Supercars may have finally crossed over the line from touring car to GT sports car. When the Falcon FGX exited the category, so did any pretense that these were cars that you could buy in the showroom. From VE Commodore onwards (which also includes VF and ZB) it became a bespoke piece of kit. When the Car Of The Future arrived with its common platform, the Nissan Altima, Mercedes-Benz, and Volvo S60 were also all bespoke pieces of kit. Ford's replacement for the Falcon in the Mustang, is also a bespoke piece of kit. When Gen-3 arrives maybe in 2023, neither the Mustang or the Camaro will share any components whatsoever with their road going counterparts.
I think that a scratch built race car as opposed to a road car that has been modified and improved, in this context counts as a GT sports car rather than a touring car. That means that the on-track etiquette of the drivers has invariably changed. Also, as the shop has been deliberately closed and the drivers are no longer exposed to gentlemen drivers and amateurs, a layer of professionalism and polish has meant that they are less inclined to want to play dirty.

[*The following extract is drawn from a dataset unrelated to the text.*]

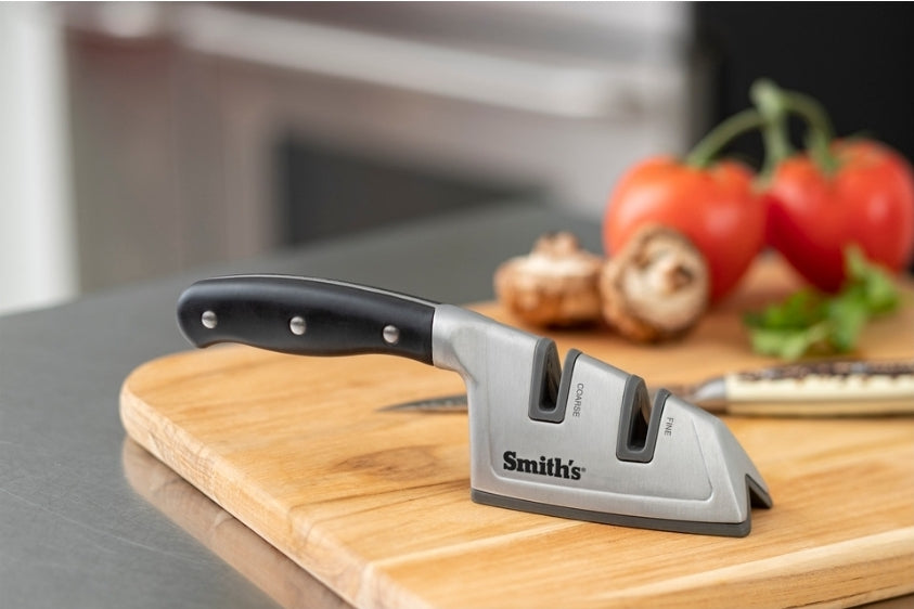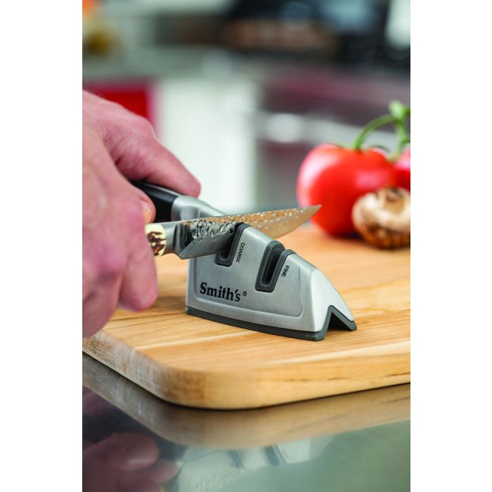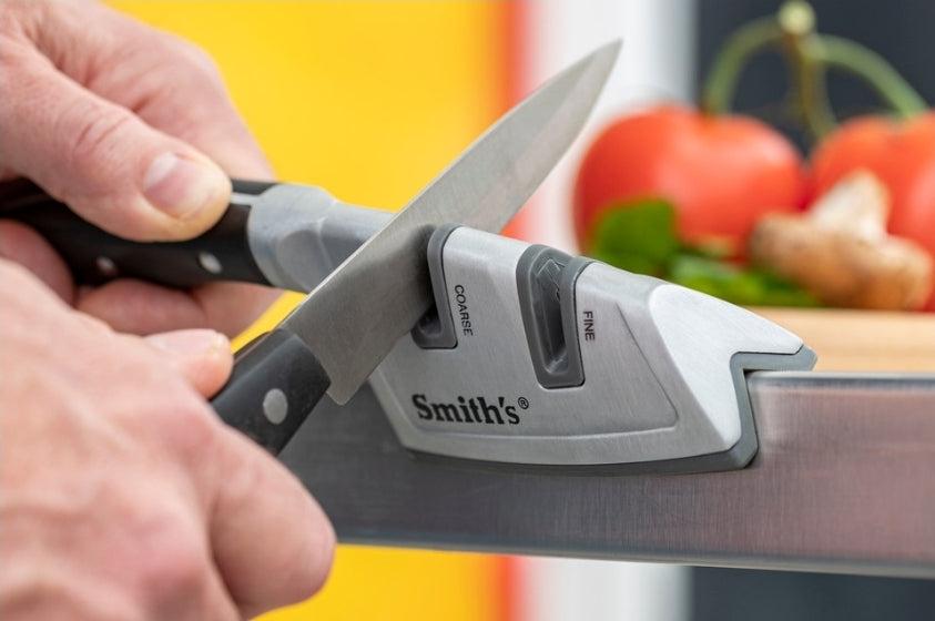 Smith's Gourmet Diamond Pull Over EdgeGrip sharpener is designed with two pre-set angle slots. The coarse pre-set diamond slot will remove nicks and gaps from the edge of our knife. The fine pre-set slot is equipped with tri-angular shaped ceramic stones used hone the edge of your knife. The sharpener has a non-slip base giving you added stability while sharpening your knives and Smith's patented Edge Grip technology allows for sharpening on a table or countertop edge to prevent your larger knives from dragging over the surface. This Edge Grip sharpener can be used to sharpen straight and serrated knives.
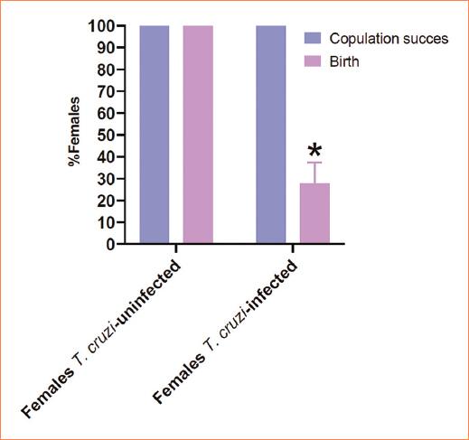 Figure 1 Copulation success. Mating plug (blue bar) was a 100% in all groups showing no statistical difference among groups, on the other hand, the birth (purple bar) was lower in Trypanosoma cruzi-infected females (p = 0.05).

For Shane van Gisbergen to have used some skills which he developed as a proper touring car driver in a lesser category, probably does look odd. I can understand Davison's stream of invective over the radio and Waters' single-fingered salute but that's because they are motor racing drivers and hate to lose. However, to say that this is somehow new or breaking new ground is to forget where this particular category of motor racing came from and it's a little bit worrying for its future because I don't think that Supercars quite understands what it is, or where it wants to be.